What you will do — Below are records with pictures. Reproduce exactly the lines from the line with "El Perchero Quintana" to the line with "Love all things", inclusive, and leave each picture out.

Material to process —
--- START ---

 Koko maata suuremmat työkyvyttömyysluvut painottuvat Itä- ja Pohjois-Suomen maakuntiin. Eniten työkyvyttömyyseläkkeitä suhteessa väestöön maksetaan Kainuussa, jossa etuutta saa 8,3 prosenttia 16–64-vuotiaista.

--- END ---
--- START ---

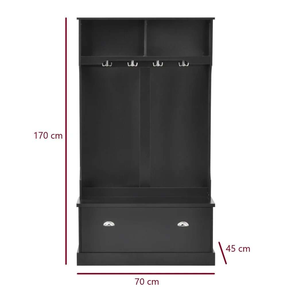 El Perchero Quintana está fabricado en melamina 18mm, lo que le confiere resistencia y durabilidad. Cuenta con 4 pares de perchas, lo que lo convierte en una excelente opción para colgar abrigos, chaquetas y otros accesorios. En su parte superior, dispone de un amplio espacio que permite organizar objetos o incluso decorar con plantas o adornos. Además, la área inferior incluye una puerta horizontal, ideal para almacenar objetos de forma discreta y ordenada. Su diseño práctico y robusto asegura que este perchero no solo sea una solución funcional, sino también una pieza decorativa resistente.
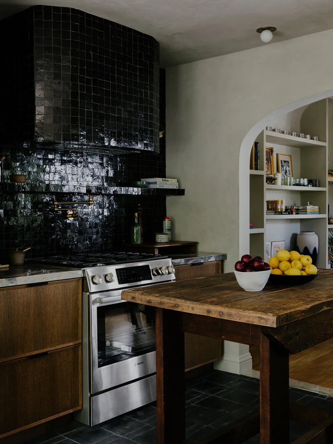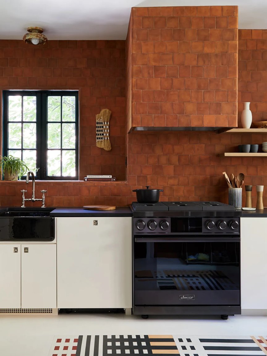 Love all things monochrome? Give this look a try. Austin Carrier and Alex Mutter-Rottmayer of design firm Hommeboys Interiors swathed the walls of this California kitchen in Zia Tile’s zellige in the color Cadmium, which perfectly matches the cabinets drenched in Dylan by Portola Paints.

--- END ---

Written response —
 El Perchero Quintana está fabricado en melamina 18mm, lo que le confiere resistencia y durabilidad. Cuenta con 4 pares de perchas, lo que lo convierte en una excelente opción para colgar abrigos, chaquetas y otros accesorios. En su parte superior, dispone de un amplio espacio que permite organizar objetos o incluso decorar con plantas o adornos. Además, la área inferior incluye una puerta horizontal, ideal para almacenar objetos de forma discreta y ordenada. Su diseño práctico y robusto asegura que este perchero no solo sea una solución funcional, sino también una pieza decorativa resistente.
 Love all things monochrome? Give this look a try. Austin Carrier and Alex Mutter-Rottmayer of design firm Hommeboys Interiors swathed the walls of this California kitchen in Zia Tile’s zellige in the color Cadmium, which perfectly matches the cabinets drenched in Dylan by Portola Paints.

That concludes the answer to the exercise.